* * *
In the garden of Home Country the sound of the shotgun booming through the still night air, had jolted a squeal from Missus Hughes. And more importantly, startled Shoomba into a precarious level of wakefulness.
“Wha . . . ?” he hiccupped, lurching into a sitting position.
Through his mind raced a series of badly connected impressions: the smell of Burnt Bill; the sight through her window of a spent and exhausted Tina; the howling gibbery Allah - Allah chant of the Less from the darkness under the house; You have armed an explosive device. The ‘Ghani witch with a gun. Flashes of light and sound and the earth erupting at his feet. And now the definite boom of a shotgun. You didn’t have to be a philosopher to understand that whatever was stalking the neighbourhood was in no mood for games.

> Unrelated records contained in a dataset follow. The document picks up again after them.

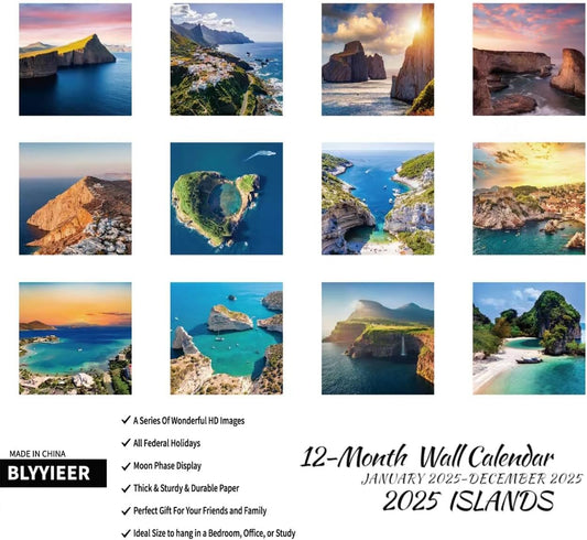 2025 Wall Calendar,Islands Monthly Wall Calendar, 12" x 24" Open,Family Planner Calendar,Home & Office Organizer,Hangable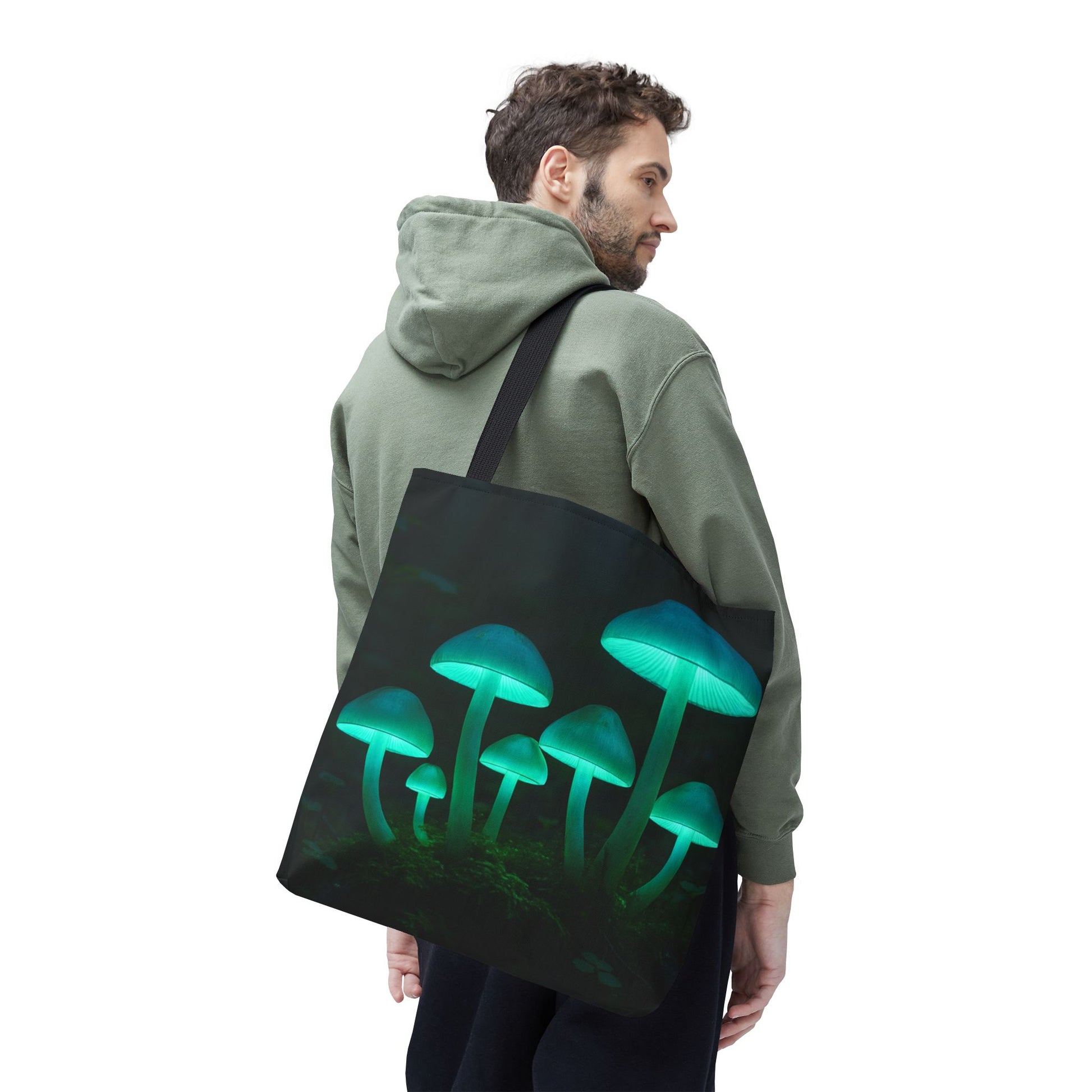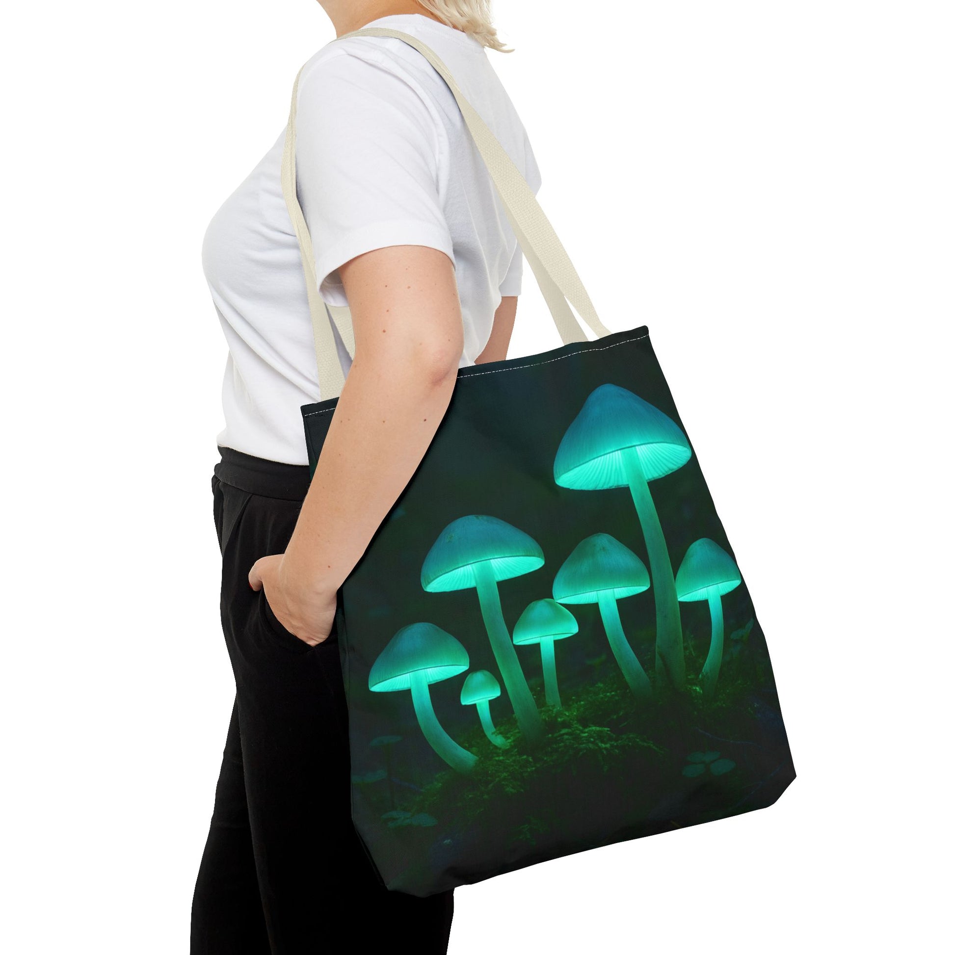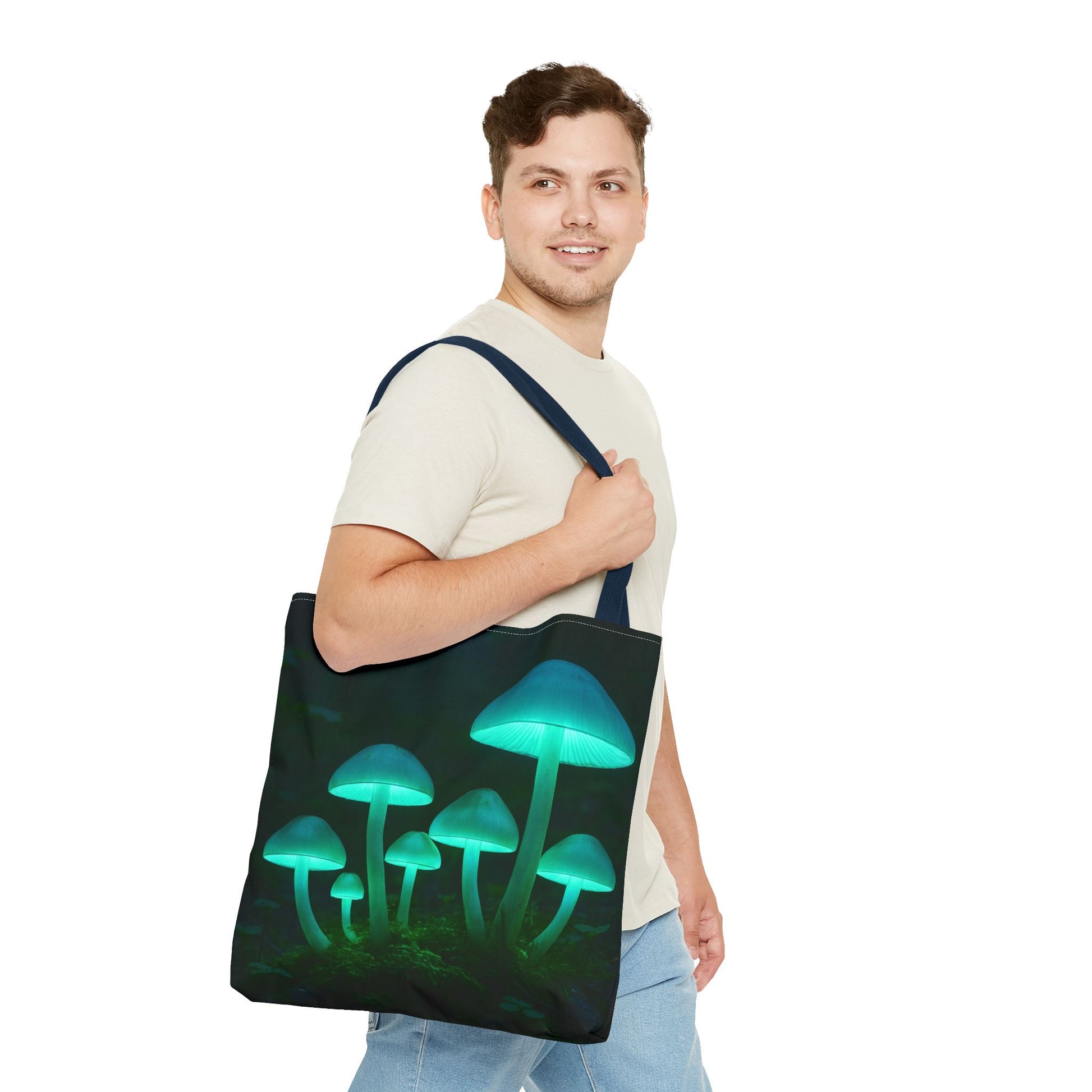 Elevate your style with this stunning Tote Bag, featuring a unique design inspired by enchanting bioluminescent mushrooms. Crafted for both durability and elegance, this bag offers a perfect blend of functionality and aesthetic appeal. Ideal for eco-conscious shoppers and mushroom enthusiasts alike, it carries a touch of the whimsical into everyday life.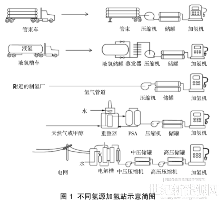 不同氢源的加氢站示意简图可见图1。目前加氢站一般采用长管拖车外供、高压储存气氢,工艺流程如图2所示。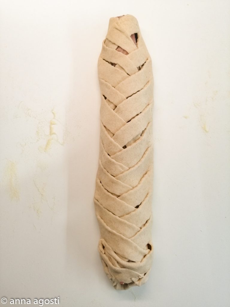 Start from the side farthest from you and braid the bread dough over the meat log.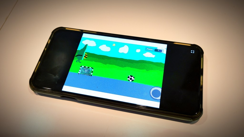 Por último, programamos nuestro juego gracias a los bloques de código visuales que ofrece Scratch, creando un videojuego de scroll lateral en el que debíamos esquivar obstáculos: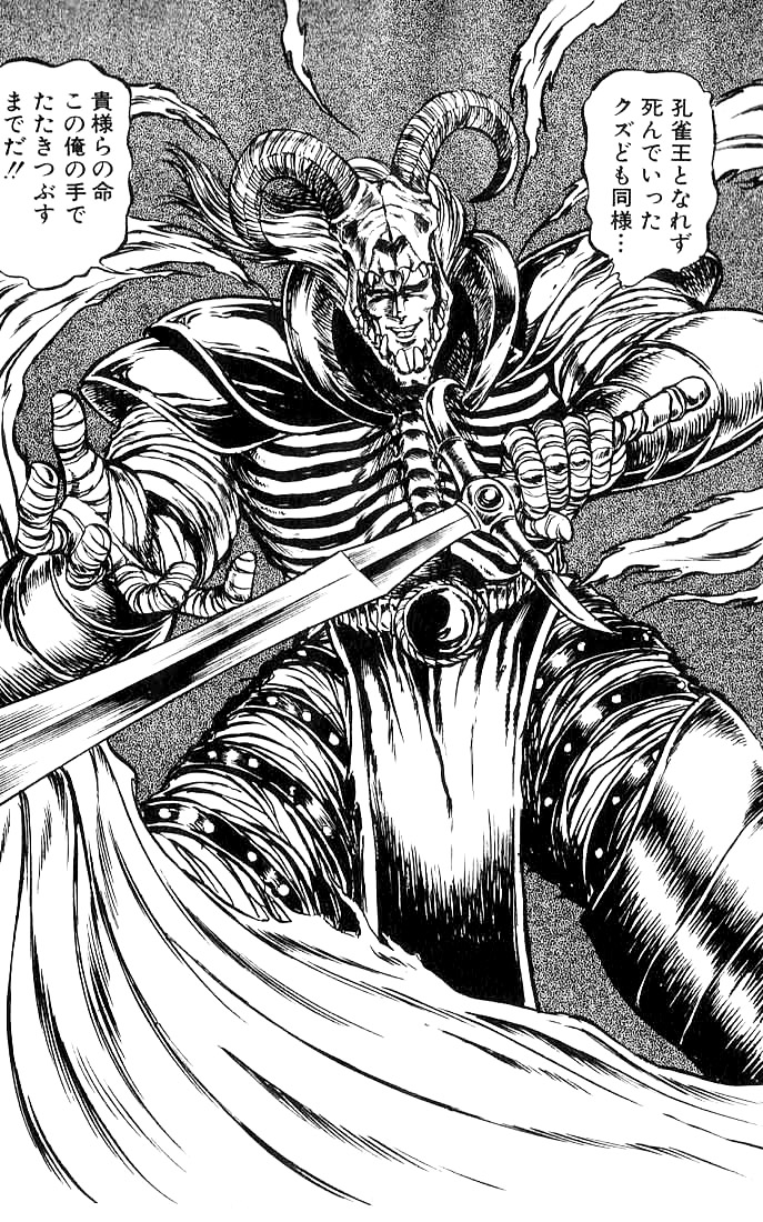 『공작왕』은 1980년대 일본 만화계에 한 번 보면 잊히지 않는 강렬한 충격을 던져준 작품이다옹. 퇴마승 땡중 공작이 손에 쥔 진언과 밀법은 단순한 주문이 아니라, 독자들의 뇌리에 꽂히는 공포의 의식처럼 느껴진다옹. 요괴가 눈앞에서 터져 나가고, 죽은 자가 부활하며, 불길한 별과 신들의 이름이 화면 가득 쏟아져 내릴 때, 이 만화는 그 자체로 당시 독자들에게 공포와 흥미의 대상이 되었을 것이다옹.

There was only one thing to do. He scrabbled to his feet, sweeping away the dirt and filth that encrusted him and the clutching appeal of Dorothy Hughes and, driven by rum-addled panic, he charged out across the yard, heading for home. Almost immediately his disintegrating armour tangled about his feet and brought him down, as luck would have it, dead centre amongst a series-wired trio of the Quiet Man’s smoke bombs. They were little more than toys - tricks that children could make - but the resultant fizz and crackle, coupled with the columns of white smoke, brought Shoomba almost to the brink of religious conversion.
“Aaiiee!” he screamed and, rising to his knees, raising his arms to the black vault of sky: “Jesus Cripes o’ mercy!”
Missus Hughes, seeing the wall of luminous smoke rise from the centre of the yard, and the beseeching shadow of Shoomba enraptured within, spread herself even thinner over her blind, prostrate, groaning husband.